▶ _Available data_:
Start of Block
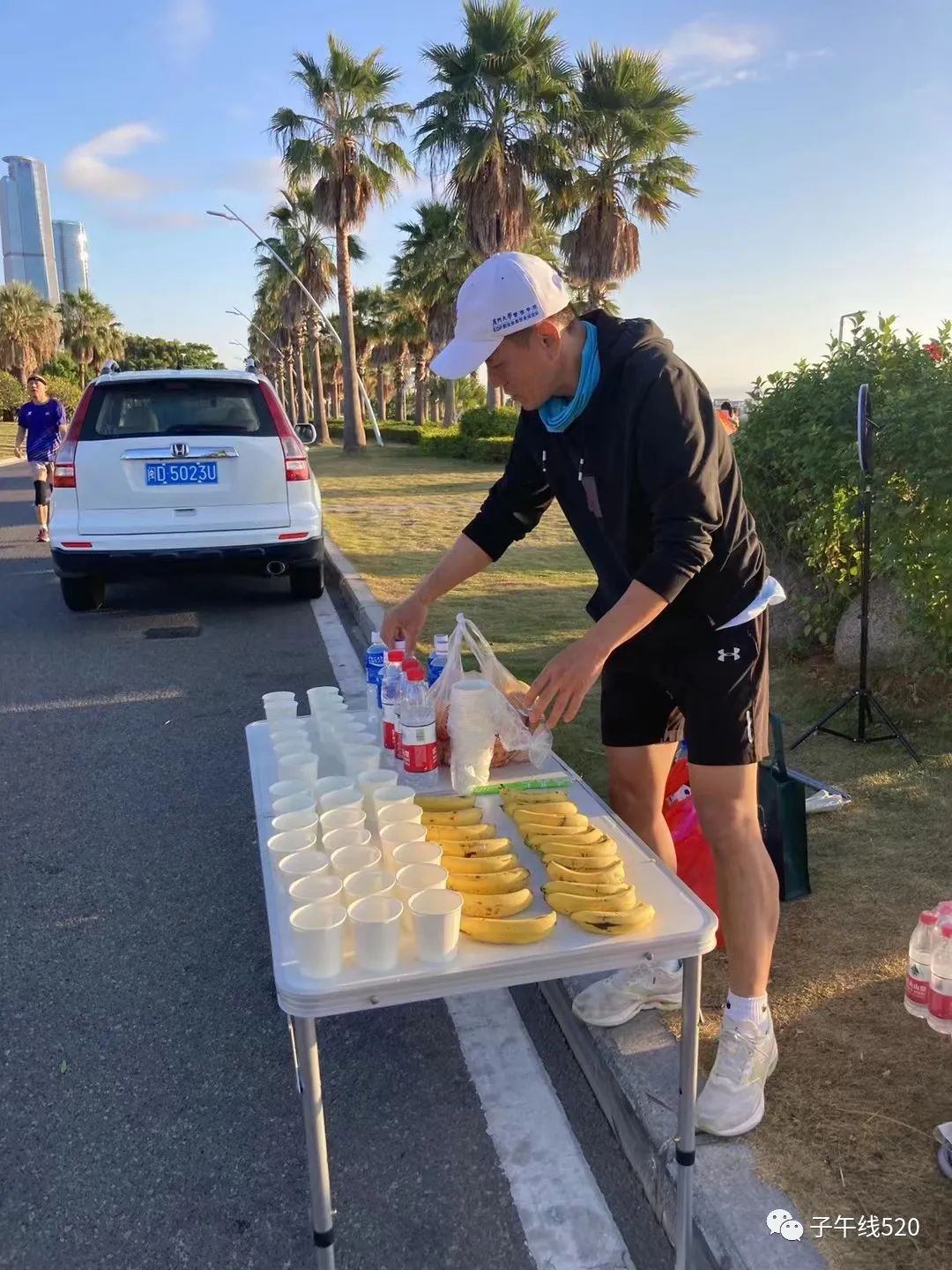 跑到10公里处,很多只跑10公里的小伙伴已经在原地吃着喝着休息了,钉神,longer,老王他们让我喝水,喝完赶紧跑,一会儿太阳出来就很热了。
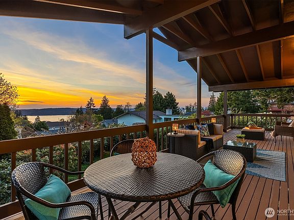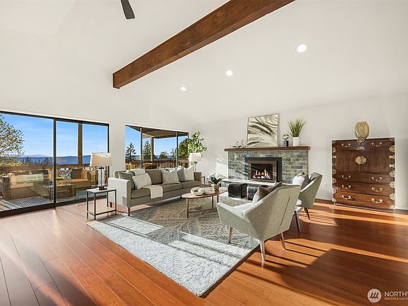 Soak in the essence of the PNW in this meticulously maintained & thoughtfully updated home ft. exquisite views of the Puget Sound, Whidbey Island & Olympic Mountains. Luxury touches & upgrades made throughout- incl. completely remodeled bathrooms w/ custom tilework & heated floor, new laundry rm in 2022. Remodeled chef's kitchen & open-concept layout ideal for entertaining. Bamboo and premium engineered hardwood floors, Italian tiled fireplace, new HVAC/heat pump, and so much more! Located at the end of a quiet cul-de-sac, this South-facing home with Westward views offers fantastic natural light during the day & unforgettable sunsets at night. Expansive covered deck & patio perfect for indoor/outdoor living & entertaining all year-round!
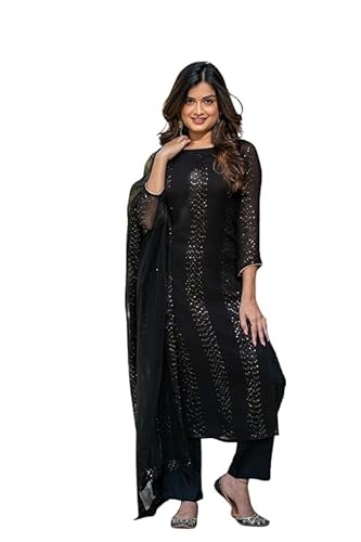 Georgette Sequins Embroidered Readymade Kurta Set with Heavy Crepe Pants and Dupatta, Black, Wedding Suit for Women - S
End of Block
▶ _Problem description_:
Would you restate the listing word for word and leave every picture out?

▶ _Exercise result_:
 跑到10公里处,很多只跑10公里的小伙伴已经在原地吃着喝着休息了,钉神,longer,老王他们让我喝水,喝完赶紧跑,一会儿太阳出来就很热了。
 Soak in the essence of the PNW in this meticulously maintained & thoughtfully updated home ft. exquisite views of the Puget Sound, Whidbey Island & Olympic Mountains. Luxury touches & upgrades made throughout- incl. completely remodeled bathrooms w/ custom tilework & heated floor, new laundry rm in 2022. Remodeled chef's kitchen & open-concept layout ideal for entertaining. Bamboo and premium engineered hardwood floors, Italian tiled fireplace, new HVAC/heat pump, and so much more! Located at the end of a quiet cul-de-sac, this South-facing home with Westward views offers fantastic natural light during the day & unforgettable sunsets at night. Expansive covered deck & patio perfect for indoor/outdoor living & entertaining all year-round!
 Georgette Sequins Embroidered Readymade Kurta Set with Heavy Crepe Pants and Dupatta, Black, Wedding Suit for Women - S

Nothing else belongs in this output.